Some three years later the plaintiff sought leave to serve a further amended complaint to delete its cause of action sounding in trespass and interpose a cause of action sounding in continuing nuisance, to amend its seventh cause of action to assert a claim based on Highway Law § 320 seeking treble damages, and to add a cause of action for a judgment declaring that Highway Law § 320 is applicable to the instant action. The plaintiff also sought partial summary judgment on the declaratory judgment cause of action. The defendant then cross-moved to dismiss the complaint on the ground that the plaintiff had failed to comply with the order dated September 4, 1985.
In the order appealed from, the court denied the plaintiff's motion in all respects and granted the defendant's motion to the extent of dismissing the plaintiff's fifth, sixth, and seventh causes of action, which were those deemed to be blatantly defective in the prior order.
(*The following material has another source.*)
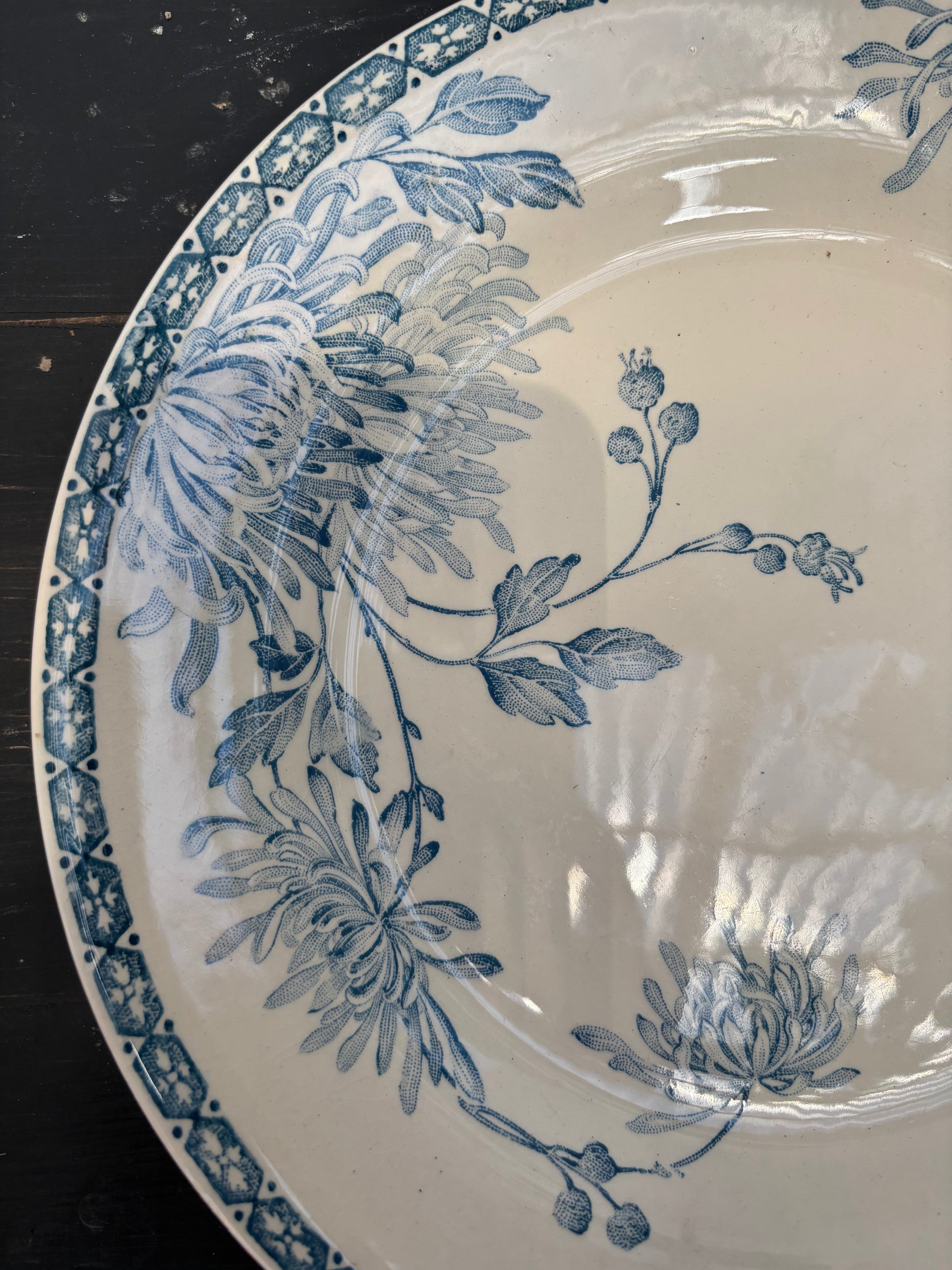 Fin fransk tallerken med lys blå mønster

We affirm.
"It is well settled that leave to amend * * * should be freely granted unless the amendment sought is palpably improper or insufficient as a matter of law or unless prejudice and surprise directly results from the delay in seeking the amendment" (Nissenbaum v Ferazzoli, 171 A.D.2d 654, 655; see, McCaskey, Davies Assocs. v New York City Health Hosps. Corp., 59 N.Y.2d 755; Barnes v County of Nassau, 108 A.D.2d 50; Town Bd. v National Sur. Corp., 53 Misc.2d 23, affd 29 A.D.2d 726). While the defendant's claims of prejudice are unwarranted, the causes of action that the plaintiff is seeking to add to its complaint are insufficient as a matter of law.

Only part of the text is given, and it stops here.